Optical Fiber–Based Continuous Liquid Level Sensor Based on Rayleigh Backscattering

Micromachines 2022, 13(4), 633; https://doi.org/10.3390/mi13040633
by Xingqiang Chi 1,2, Xiangjun Wang 1 and Xuan Ke 3,*
Reviewer 1: Anonymous
Reviewer 2: Anonymous
Micromachines 2022, 13(4), 633; https://doi.org/10.3390/mi13040633
Submission received: 3 March 2022 / Revised: 4 April 2022 / Accepted: 15 April 2022 / Published: 17 April 2022
(This article belongs to the Special Issue Optical Sensing and Devices)

Round 1

Reviewer 1 Report

This work presents a liquid level sensor based on Rayleigh backscattering and fabricated using a Cu-coated SMF optical fibre.
As the authors demonstrate, the system is able to measure different temperature valuess along the sensor and to be relatively independent of vibrations.
However, before considering this work for publication in this journal, the authors should highlight the advantages and novelties introduced in their sensor system.

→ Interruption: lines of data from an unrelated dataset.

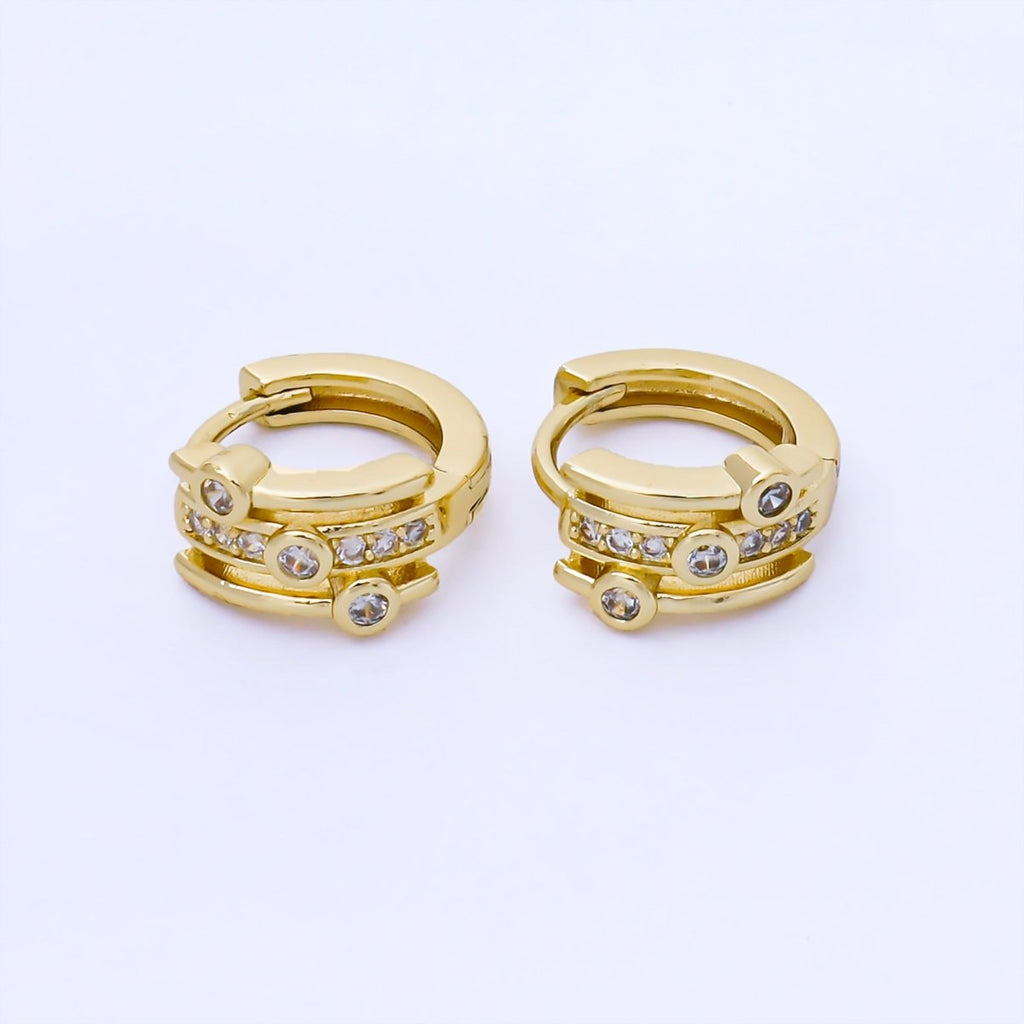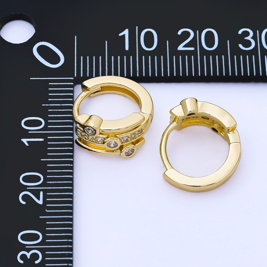 24K Gold Filled 13mm Micro Paved CZ Futuristic Cluster Huggie Earrings | AB1621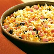 Arroz ao Forno Rápido com peito de peru, queijo parmesão e milho!!! Divino!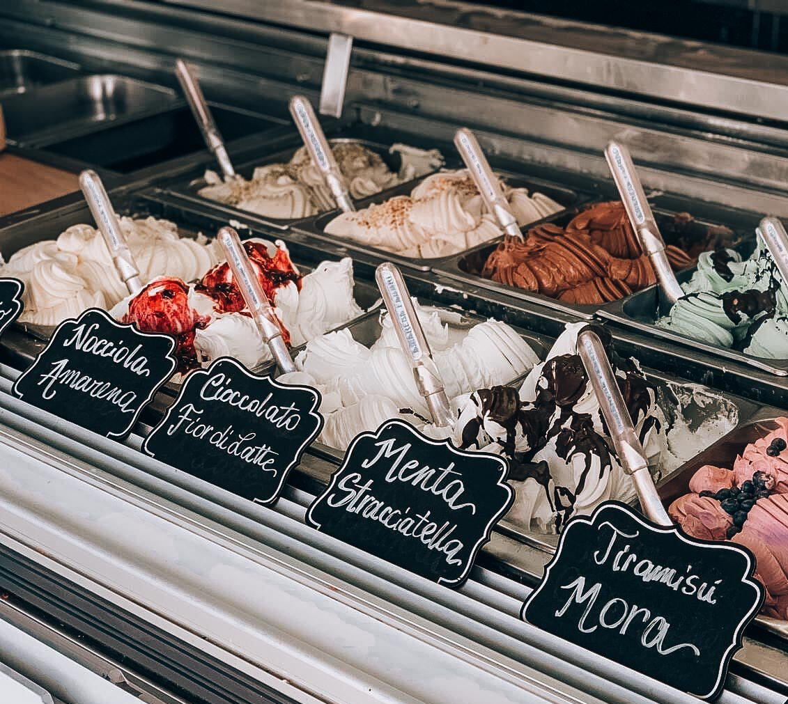Gelato di produzione artigianale, preparato e ottenuto da miscele con ingredienti di origine controllata, gusti innovativi e qualitativamente sorprendenti.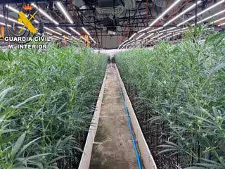 En el interior del recinto se han localizado dos plantaciones de marihuana tipo indoor, una de 2.962 plantas que se encontró en la vivienda y otra en la nave agrícola con 3.242, todas ellas en avanzado estado de desarrollo.

All results presented in this paper only describe the performance of the OBR4400 refractometer from LUNA technology. According to the reviewer, the results and resolutions shown here are the same as those that could be obtained with any other type of fibre optic. 
For these reasons, the reviewer does not recommend publication until the authors have answered the above questions. 

 

Author Response

Dear Reviewer,

Thanks very much for your professional comments. We responded in as much detail as possible. Please see the attachment.

Best regards

Xuan Ke

Author Response File: Author Response.docx

Reviewer 2 Report

The paper proposed an optical fiber continuous liquid level sensor for cryogenic propellant mass gauging based on coherent Rayleigh-backscattering optical frequency domain reflectometry, and declared a measurement accuracy of 1 mm. The idea is novel, however, authors should address the below questions before the paper can be further considered for the journal:

  1. Authors should provide more evidence to support the liquid level measurement accuracy of 1 mm.
  2. The measurement principle of the sensor needs further discussion.
  3. 2 is not clear and should be further explained in detail.
  4. In line 211, please explain what does OBR4400 mean?
  5. Ag has better performance in terms of thermal conductivity. Why do authors use Cu instead of Ag as the coating layer?
  6. The measurement uncertainty of the proposed sensor is 2% while the uncertainty of the traditional Si sensor is 0.5%. Authors need further discussion regarding the advantages of the proposed sensors over the Si sensor.

Author Response

Dear Reviewer,

Thanks very much for your professional comments. We responded in as much detail as possible. Please see the attachment.

Best regards

Xuan Ke

Author Response File: Author Response.docx

Round 2

Reviewer 1 Report

After a detailed analysis of the changes introduced by the authors, I consider the article ready for publication in this journal.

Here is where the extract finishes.